Con este preámbulo puedo señalar, sin afán polémico, que los católicos podemos estar tranquilos. La devoción a la Virgen está sólidamente fundamentada en la Escritura Santa. Jesús es judío; señalo de entrada que “es”, no “era”, porque Cristo vive. María también. Jesucristo no vino a eliminar la ley, sino a darle cumplimiento. Su presentación en el templo, las veces que peregrinó a Jerusalén dan buena cuenta de ello. Por eso mismo vivió en grado eximio el decálogo, los diez mandamientos, sin obviar el cuarto: “Honrarás a tu padre y a tu madre”. Jesús honraba y honra a su Madre. La honra que le tributamos a ella redunda en gloria de Dios. Es lógico, cuando piropeamos a la madre de un ser querido, ese se querido se siente alagado, junto a su madre. Jesús es perfecto hombre, con inteligencia, voluntad y afectos humanos. Tiene Corazón, como todos tenemos, afectos, cariño, sentimientos, sensibilidad; obviamente objeto privilegiado de ese cariño, de esa afectividad, es su propia madre.

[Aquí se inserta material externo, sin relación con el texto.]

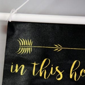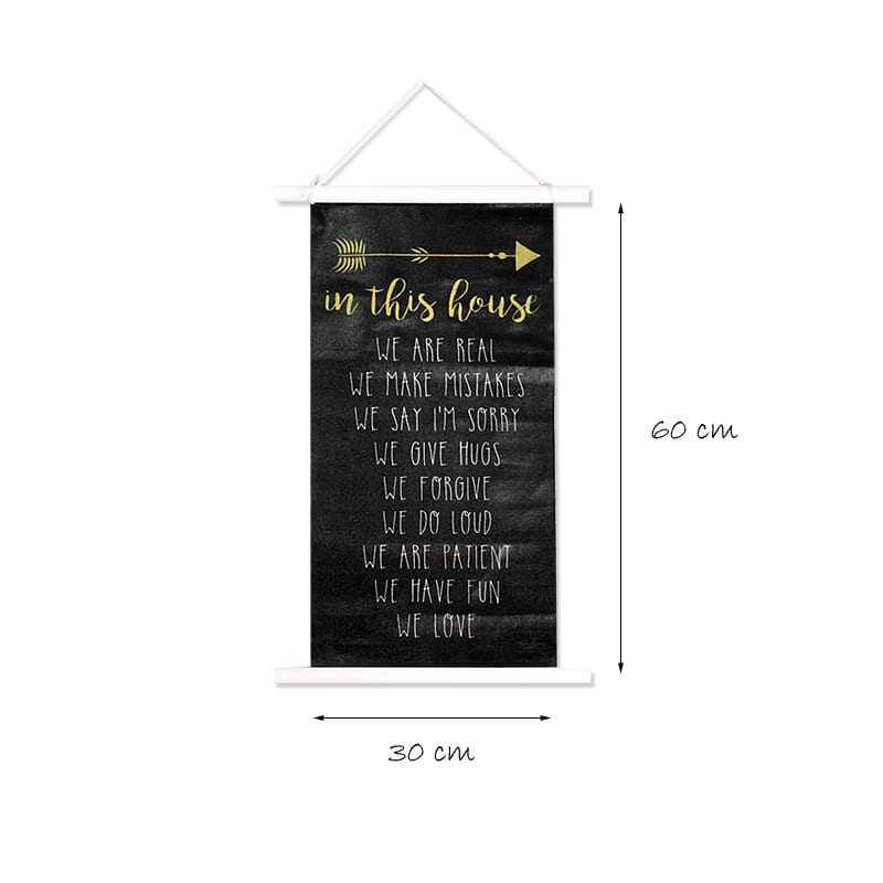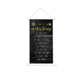 This Arrow House Canvas Scroll is a printed artwork on a scroll. It has a black background with arrow print and a list of house rules. There is a rope tied on the top for hanging on the wall. Just scroll it up for easy storage.
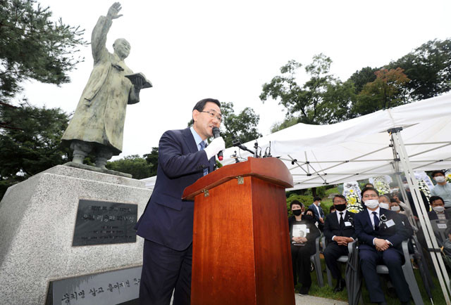 미래통합당 주호영 원내대표가 19일 서울 종로구 이화장에서 열린 이승만 전 대통령 서거 55주기 추모식에서 추모사를 하고 있다.
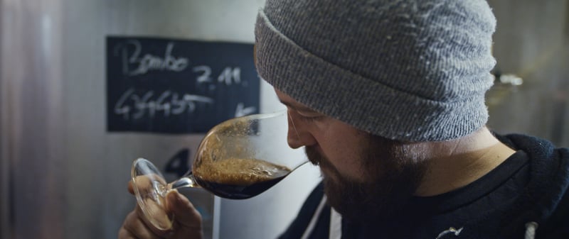 Christoph Bichler tasting his Double IPA during the fermentation process
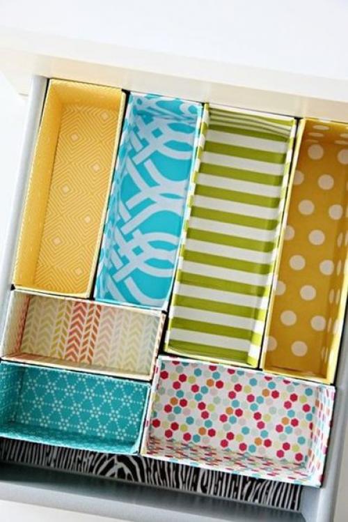 Чтобы сделать хранение в выдвижном ящике более удобным и эргономичным, в него лучше всего поместить специальные разделители. Их продают в интерьерных и мебельных магазинах. Отличной альтернативой им станут обувные коробки. Которые предварительно можно декорировать цветным скотчем.
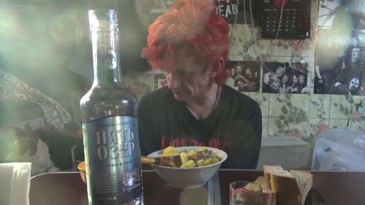 шиза алкогольный поминальный мукбанг водка пять озёр напиток любимая кола икра минтая солат и тушёная картошка с мясом
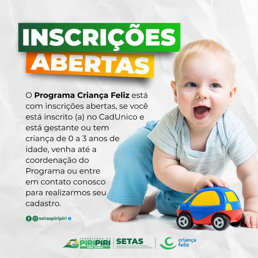 Estão abertas as inscrições para o programa Criança Feliz, em Piripiri, que atende crianças da primeira infância, de 0 a 3 anos, as crianças com necessidades especiais beneficiárias do LOAS/ BPC (Benefício de Prestação Continuada) e gestantes. O programa é executado em Piripiri pela Prefeitura Municipal, por meio da Secretaria de Trabalho, Assistência e Desenvolvimento Social (SETAS).
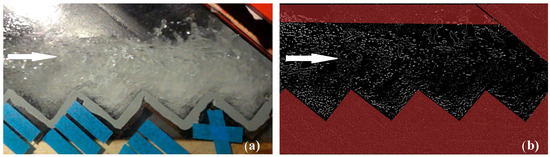 Velocity values were measured for a highly aerated flow over a stepped spillway using the BIV method, which employs air bubbles trapped in the flow as tracers. In Figure 6a, velocity vectors from the BIV analysis can be observed at the maximum discharge of the D-Model base case. No free surface aeration occurred in either C-Model or D-Model under maximum discharge conditions; therefore, bubbles were introduced at the first step to serve as BIV tracers. Figure 6a,b illustrate the phenomenon of circulating vortices in the step cavities. In the BIV analysis, the density of vectors does not represent the density of information in the velocity field; rather, the length of the vector represents the magnitude of the velocity.
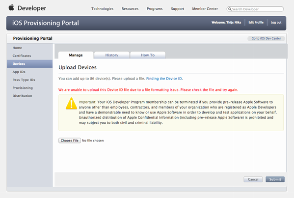@testflightapp Apple’s provisioning portal doesn't accept my device export files from Testflight anymore. Bug?pic.twitter.com/uWos1SSg
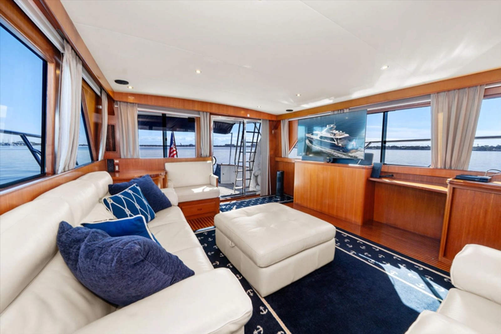 The salon features a new leather recliner sofa, chair and ottoman, new 60andquot; Samsung TV, Satellite DirectTV, Sony DVD player, Yamaha stereo system throughout the boat, anchor blue carpeting, salon table, work desk, entertainment cabinet, and a large general-purpose cabinet forward and to stern.
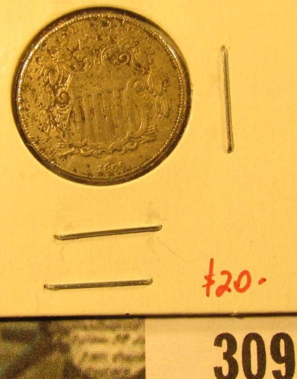 1866 Shield Nickel, F obverse pitting, value $20
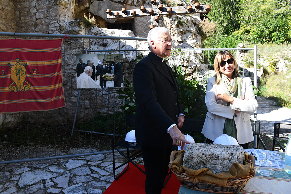 Mons. Boccardo si è detto soddisfatto di questa tappa ed ha parlato di un «lavoro di diversi anni e di diverse intelligenze. Non è stata un’operazione semplice, ci sono voluti studi, calcoli e previsioni per far sì che tutto il complesso possa ritrovare la sua bellezza originaria. Ringrazio il commissario Legnini che doveva essere con noi, ma il Covid non glielo ha consentito: la sua determinazione e il suo voler portare avanti queste operazioni ci hanno permesso di essere qui oggi. S. Eutizio è un luogo di storia e di arte, ma soprattutto è un luogo di fede. È il simbolo della Valle Castoriana e rimetterlo in piedi pietra su pietra vuole dire ridare un patrimonio prezioso alla vita di questa popolazione. Auspichiamo che presto tutto il complesso abbaziale torni ad essere faro di ispirazione per la nostra Diocesi e per i turisti che vengono ad ammirare la bellezza del territorio. Quest’operazione – ha proseguito il Presule – ci fa vedere che quando si lavora insieme si realizzano cose importanti».
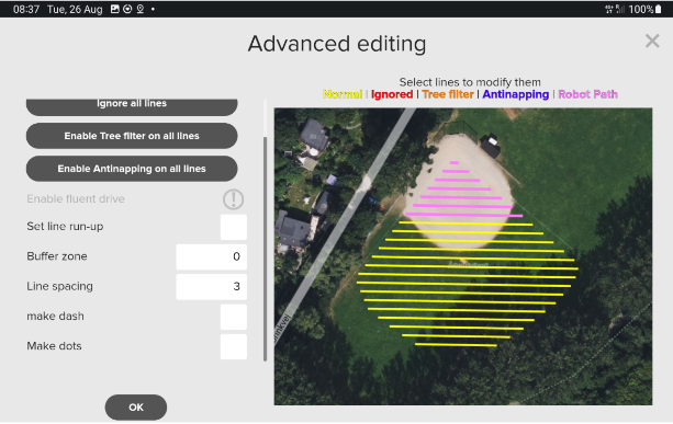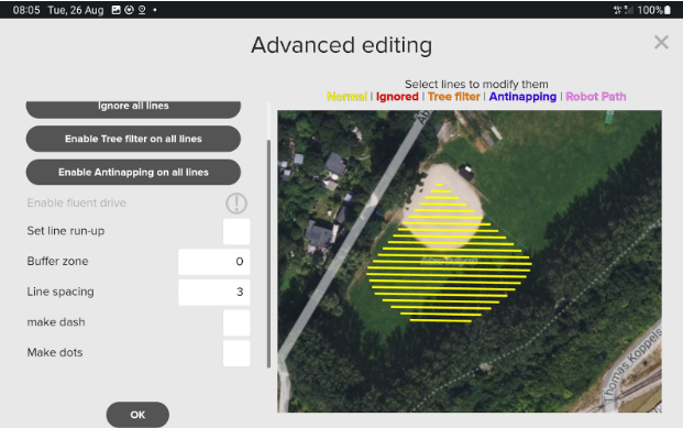 Make sure to tap each line individually and continue tapping it until it turns pink, confirming that it has been converted into a robot path
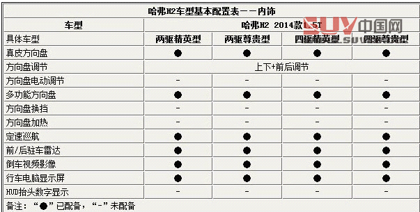 哈弗H2車型兩驅(qū)與四驅(qū)的尊貴版車型標(biāo)配了電動(dòng)天窗和氙氣大燈等,全系均配有日間行車燈,使得白天的行車安全大大得到了提升。內(nèi)飾方面全系均標(biāo)配真皮方向盤,并有多功能調(diào)節(jié)鍵,給予了駕駛員更多的方便性,此外定速巡航、行車電腦電視屏等在全系車型上都得到了體現(xiàn)。
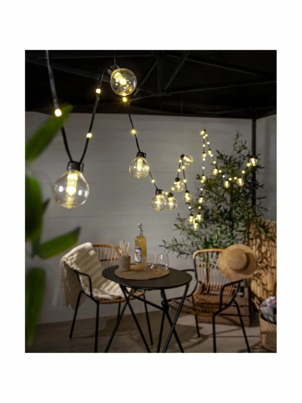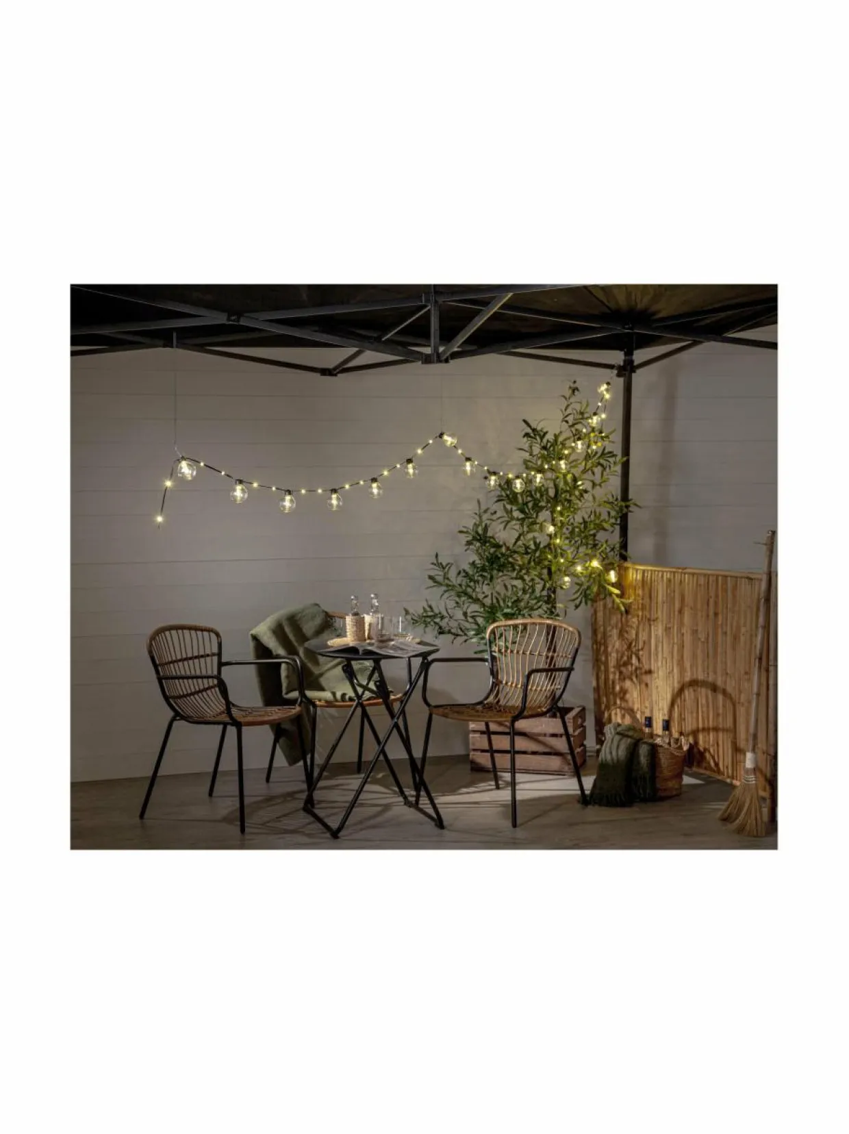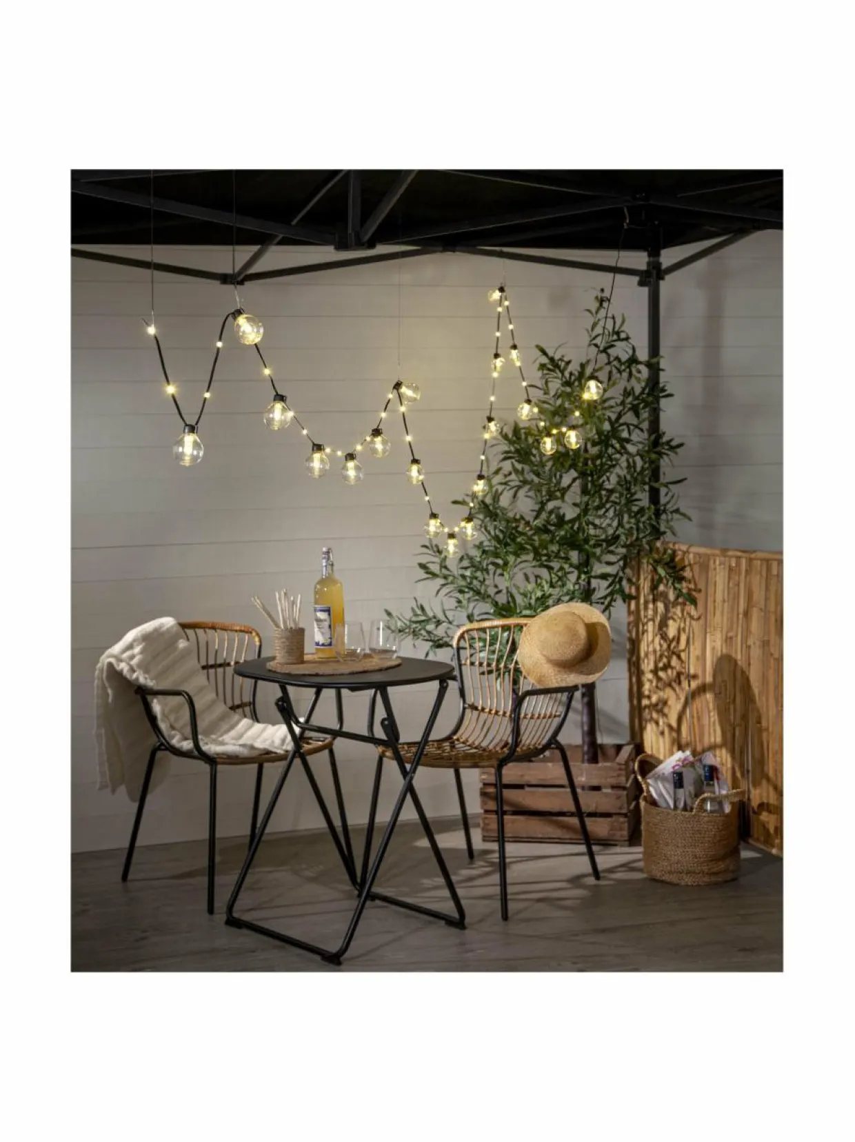 Ulkokäyttöön sopiva Star Trading Bolla -valosarja, jossa on 20 halkaisijaltaan 4 cm olevaa kirkasta pyöreää lamppua, lisäksi jokaisessa lamppuvälissä on kaksi lämpimän valkoista LED-valoa. Valosarja sopii sekä arkeen että juhlaan. Kaapeli on litteä ja ohut, ja lamppujen väli 10 cm. Valosarjassa on 8 eri vilkkumistoimintoa, joista voi valita mieleisensä painamalla muuntajassa olevaa nappia. Johdon pituus 500 cm. Pituus 530 cm. Leveys 5 cm. Korkeus 6 cm. Kiinteä LED, lamppuja ei voi vaihtaa. IP-luokitus IP44. Lamppu: 60 LEDiä yhteensä 2 W.
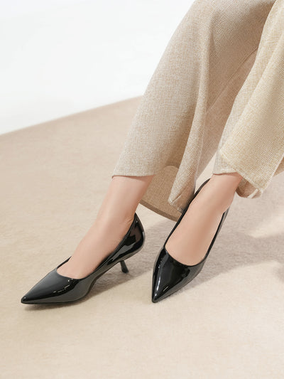 Elegant and comfortable women’s court shoes with a pointed toe and low heel — perfect for office or formal wear.
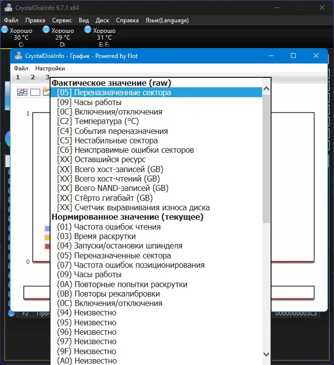 Интерфейс программы интуитивно понятен: при запуске отображается список всех подключённых накопителей с цветовой индикацией их состояния. Зелёный — всё в порядке, жёлтый — есть предупреждения, красный — критические ошибки. Каждый атрибут S.M.A.R.T. можно раскрыть для детального просмотра, а график показывает, как менялись показатели во времени. Настройки позволяют включить звуковое оповещение, изменить тему оформления или настроить поведение при загрузке системы. Для ssd отдельно отображается оценка износа и оставшийся ресурс, что особенно важно при работе с твердотельными накопителями.

María es también la obra maestra de Dios. La primera redimida, antes de concebir a su Hijo en su seno, lo concibió por escuchar su Palabra (parafraseando a San Agustín). Pensar que se causa prejuicio a Dios por enaltecer a María equivale entonces a suponer que le hacemos un agravio a Miguel Ángel por chulear la Capilla Sixtina, a Cervantes por valorar al Quijote o a Beethoven por disfrutar de la 9ª Sinfonía. Al revés, cuando alabamos y reconocemos a las obras maestras, en realidad estamos reconociendo a su autor, en el caso de María, le estamos dando gloria a Dios por la más maravillosa de sus obras.
Pero, finalmente, cuando los católicos, anglicanos y ortodoxos tributamos culto de especial veneración –que no de adoración, exclusiva de Dios– a la Virgen, no hacemos otra cosa que dar cumplimiento a lo que está convenientemente profetizado en la misma Biblia. En efecto, en el evangelio de Lucas leemos: “me llamarán bienaventurada todas las generaciones porque ha hecho en mí cosas grandes el Todopoderoso, cuyo Nombre es santo”. El rezo del rosario, por ejemplo, no es sino una manera concreta de poner en práctica la Palabra evangélica apenas consignada. Por su parte, también Lucas da testimonio de cómo el ángel Gabriel la saluda con un neologismo: “Llena de gracia”, que equivale a “llena de Dios”; e Isabel la saluda diciendo: “Bienaventurada tú que haz creído, porque se cumplirá lo dicho de parte de Dios”.
Repugna a la razón y al modo de actuar divino el pensar que Dios “utilizó” a la Virgen solo como una envoltura de “usar y tirar”. No es digno de la condición humana utilizar a las personas, tampoco es propio del obrar divino. Además, María está presente en toda la historia de la salvación: profetizada en el Génesis (primer libro de la Biblia), aparece en el Apocalipsis (último libro de la Biblia, en el capítulo 12). Está en los momentos centrales de la vida de Jesús: encarnación, nacimiento, inicio de la vida pública, en la Cruz. Está también en el albor de la Iglesia, reunida en el cenáculo con los apóstoles para recibir el Espíritu Santo. El primer milagro lo hace Jesús a petición de su Madre, es lógico que, como buenos conocedores de la Escritura, los católicos sigamos el mismo ejemplo, quiera Dios que todos los que comparten el mismo bautismo lo sigan también.